Structured data What is structured data?
Structured data is information that is organized in a standard format that makes it easily accessible and understandable by both humans and machines. Structured data is typically organized using well-defined schema that defines the relationship between the different data fields. The highly organized nature of structured data makes it easy to search, query, and analyze using a variety of tools and techniques. Customer information such as names, addresses, phone numbers, and email addresses are examples of structured data.
- What are examples of structured data?
- What are AI opportunities for structured data?
- How can HPE help with structured data?
What are examples of structured data?
- Relational databases and spreadsheets hold structured data in rows and columns. It is straightforward to save, access, and analyze. Customer, financial, and personnel data are kept in fields like names, transaction amounts, and job descriptions. This arrangement streamlines data querying and analysis.

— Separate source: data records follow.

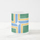 Celebrate Portland's unique identity with this beautifully designed frosted glass mug. The flag showcases an abstract design with light blue and yellow lines on a green background, representing the vibrant and dynamic spirit of the city.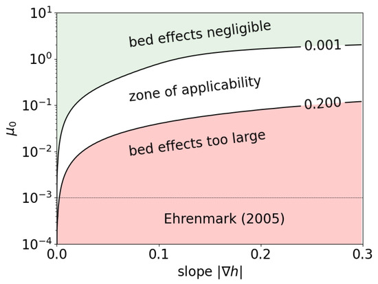 is small. Importantly, it is not just that must be small, but rather must be small compared to h, where is a measure of the depth change over a wavelength. Thus, the same slope can be considered mild or steep depending on , with slopes appearing milder in deep waters (large ) and steeper in shallow waters (small ). For values of ranging from approximately to , Booij [26] found that the mild slope hypothesis holds when (expressed in terms of instead of in the original work). Therefore, the mild slope condition can be more precisely stated as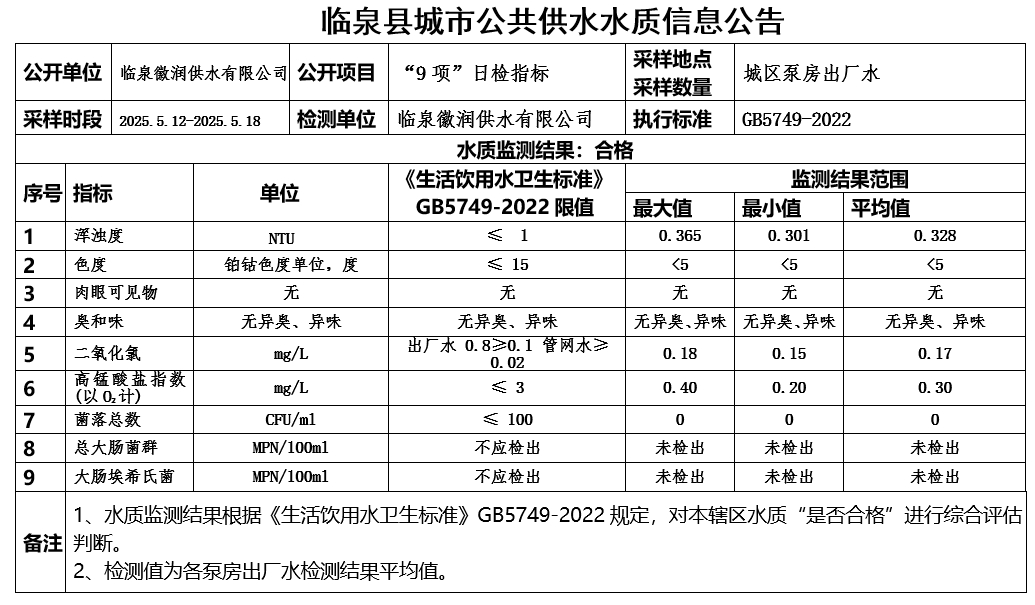 下一条: 临泉县城市公共供水水质信息公告2025年5月上半月(8项)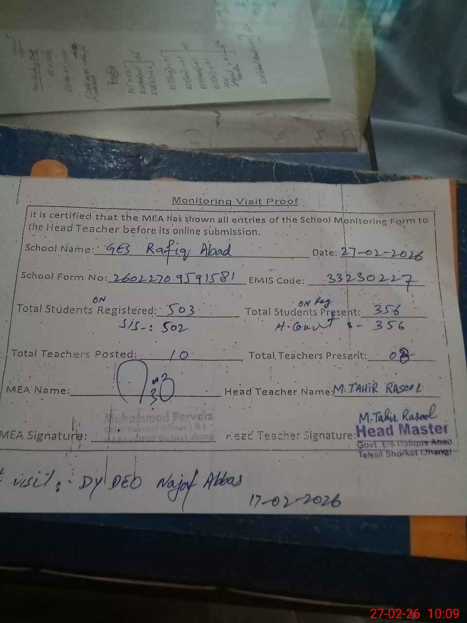| Attendance Register | Head Teacher | MEA with School | Visit Proof |
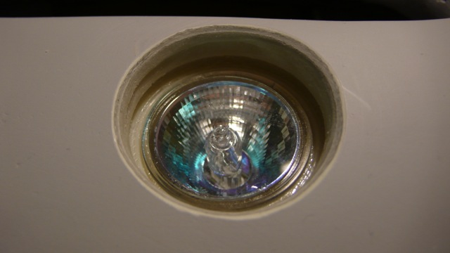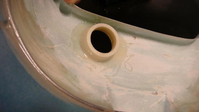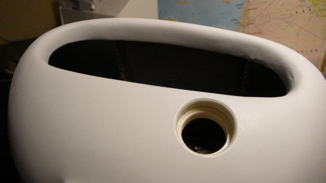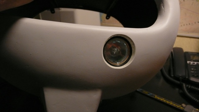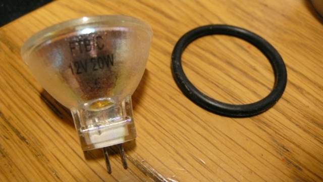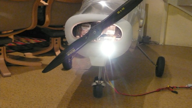 Kvällens jobb blev att fixa en landningsstrålkastare. Tog en vanlig 12v halogenlampa med passande diameter. Ritade upp en hållare och printade, limmade in i kåpan och dremlade upp hålet. Lampan hålls på plats av en O-ring i ett spår i hållaren. Enkelt att byta och sitter riktigt bra. Bilderna förklarar nog det hela.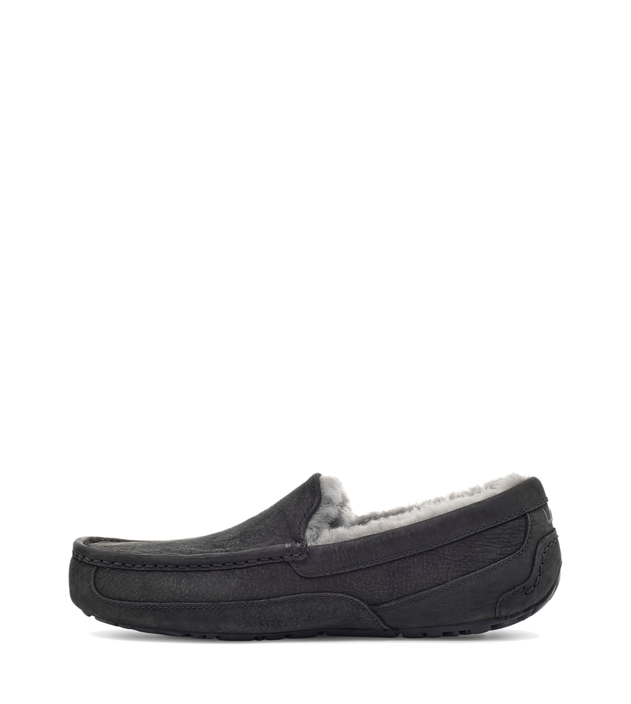 This men's casual comfortable loafer stands to be our best selling slipper. Premium oiled leather uppers and ever so soft wool lining, this slipper captures all the luxury one would desire., Dressed with jeans, these loafers resemble more than just a slipper. Be comfortable outdoors as well as indoors with their molded rubber soles.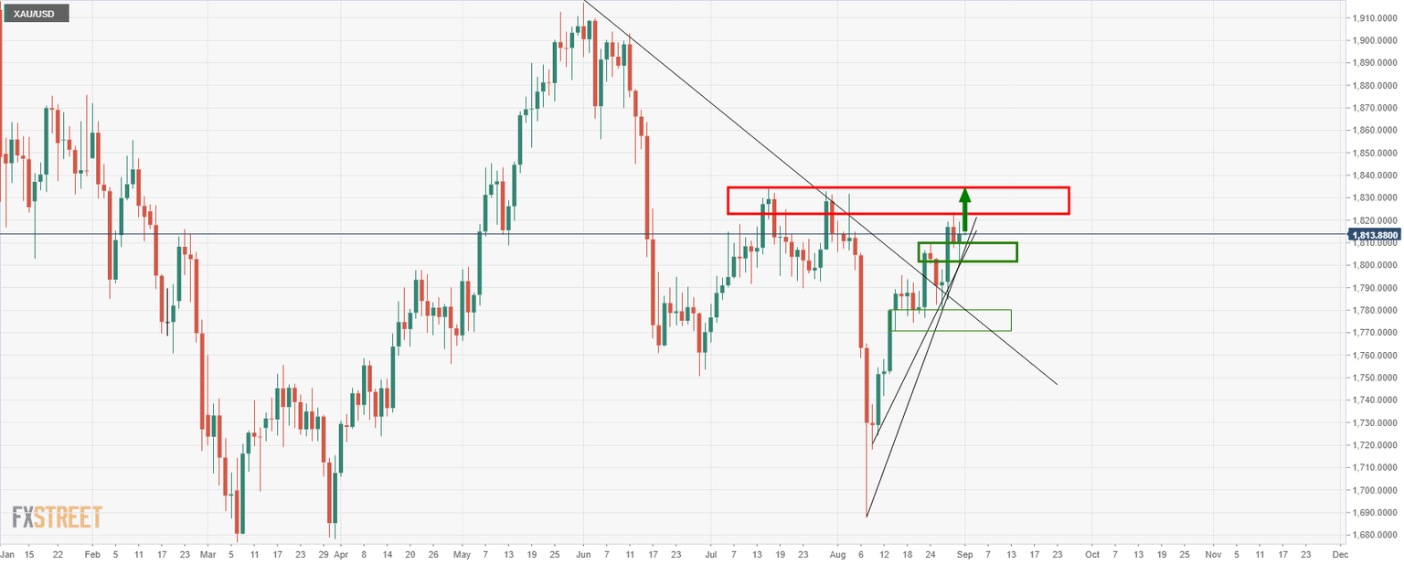 Meanwhile, the price of gold remains in bullish territory and eyes a run to test the 1,834s.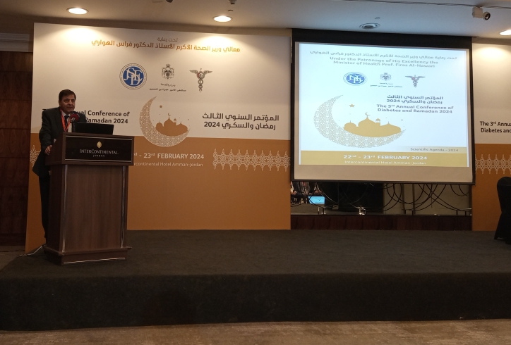 وبين أن الاحصائيات تشير إلى أن عدد المسلمين في العالم بلغ في عام 2023 ملياري وربع مليار نسمة، وان55 مليون منهم مصاب بالسكري، وان 73% من المرضى يصومون شهر رمضان المبارك.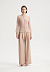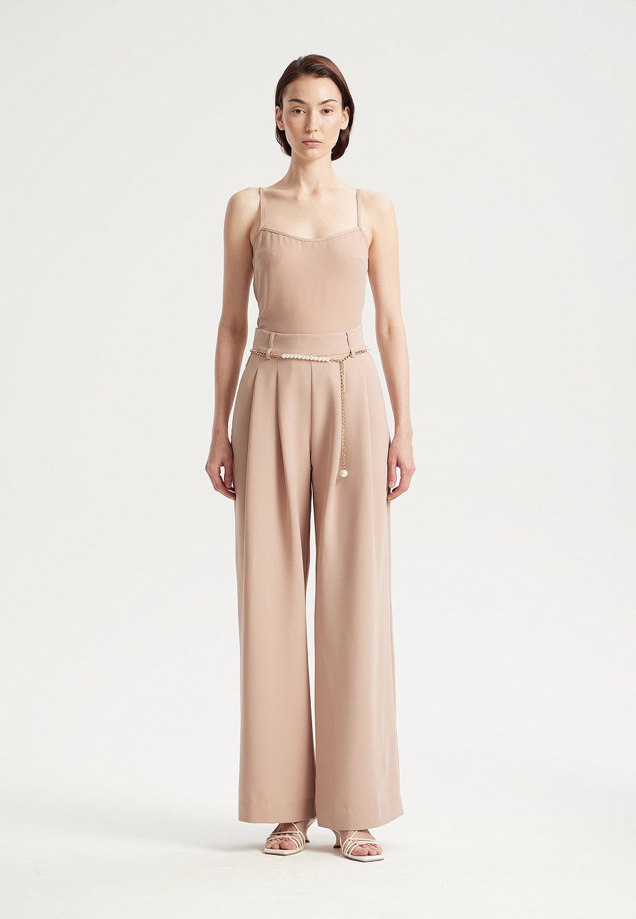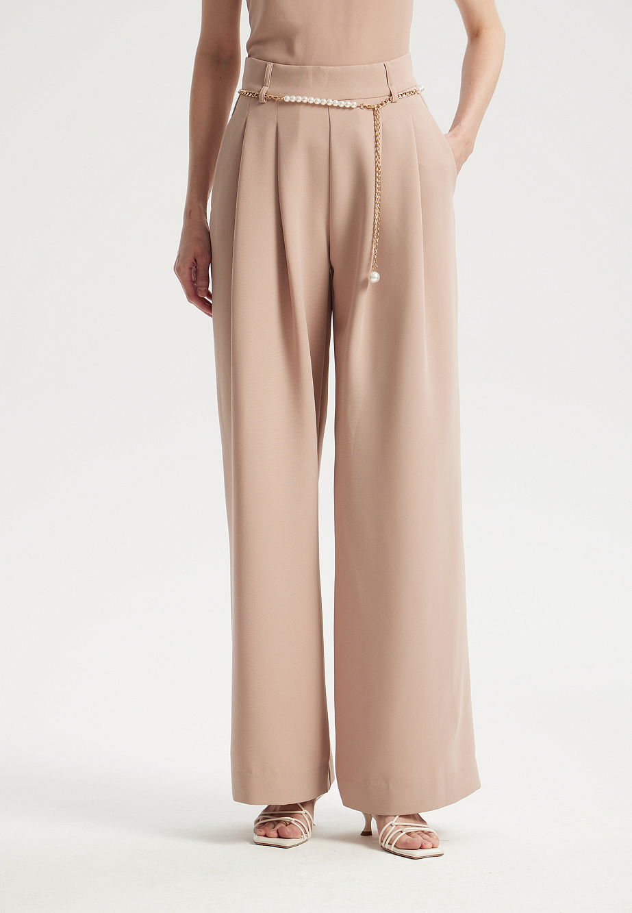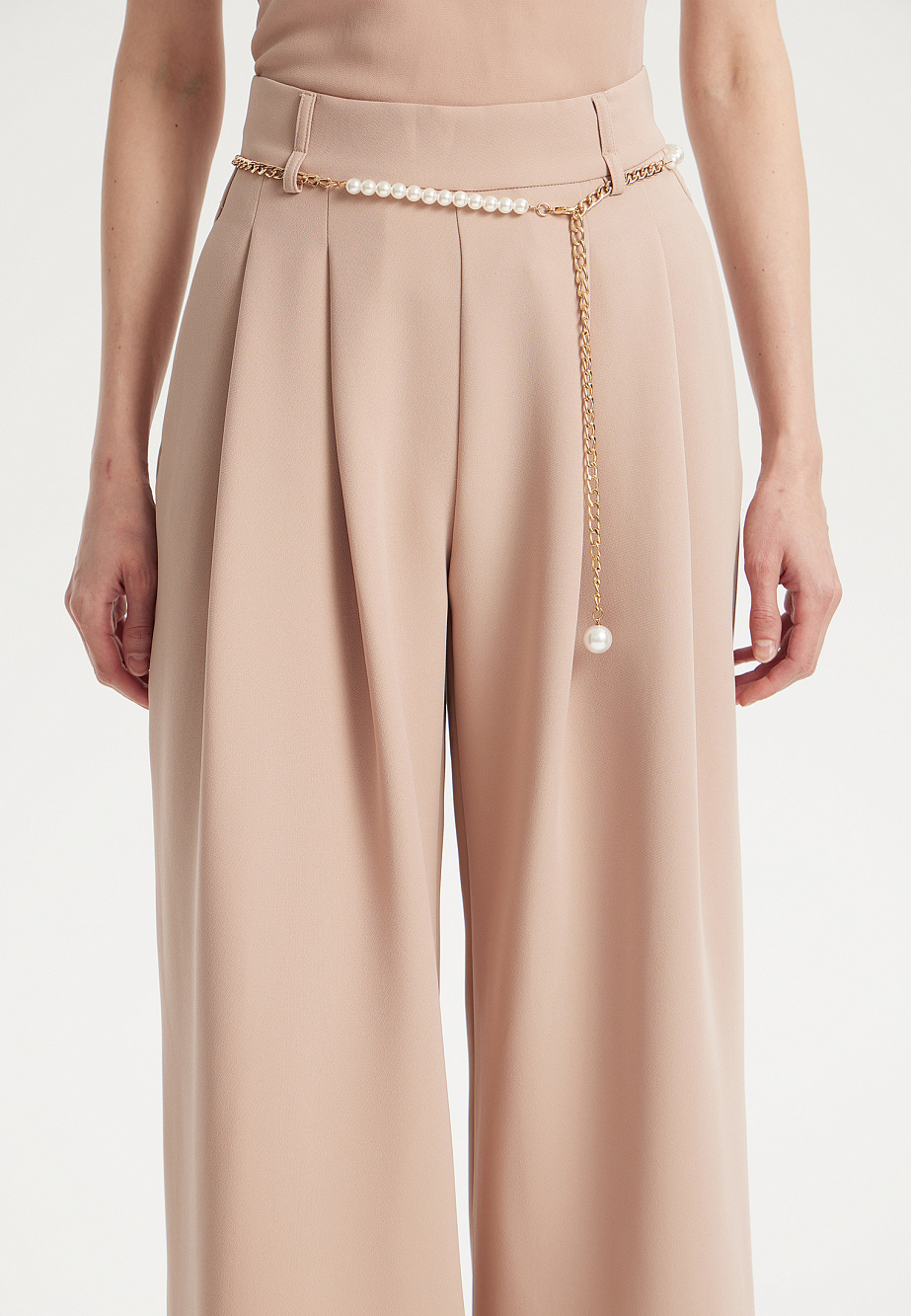 Брюки - палаццо из креповой ткани с высокой посадкой составляют идеальный комплект с кружевной блузой из коллекции Emilia dell'Oro. Такой комплект станет прекрасной альтернативой платью для выхода и торжественных случаев. Свободные брюки с двойными защипами и широким поясом смотрятся щедро и акцентно. Украшением служит пояс на цепочке с жемчужными бусинами.

- In healthcare, structured data is used to record patient information, medical records, medications, etc. Retail and e-commerce companies use it to track inventories, sales transactions and product details. A database can also include product ID, name, price, stock level, and supplier information. Web analytics uses this structured data to track website visits, bounce rates, conversion rates, and session durations.
- In the Internet of Things (IoT), sensors gather temperature, humidity, location coordinates, and timestamps in an organized way. SQL queries and analyzes this data in databases. Businesses can easily produce reports, run analytics, and make data-driven choices with structured data.
What are AI opportunities for structured data?
AI opportunities to improve structured data analysis, administration, and use include:
- Predictive analytics: Regression and classification machine learning models can forecast client purchase patterns, inventory demands, and financial results using structured data.
- Data cleanup and quality improvement: AI can automatically find and fix mistakes, inconsistencies, and missing values in structured data, improving data quality and decision-making.
- Automation of data processing: Machine learning and Robotic Process Automation can automate data entry, categorization, and integration from numerous sources, saving time and enhancing operational efficiency.
- Better insights and pattern recognition: AI can cluster and classify structured data to reveal hidden patterns and insights, enabling organizations make data-driven choices, streamline operations, and find new possibilities.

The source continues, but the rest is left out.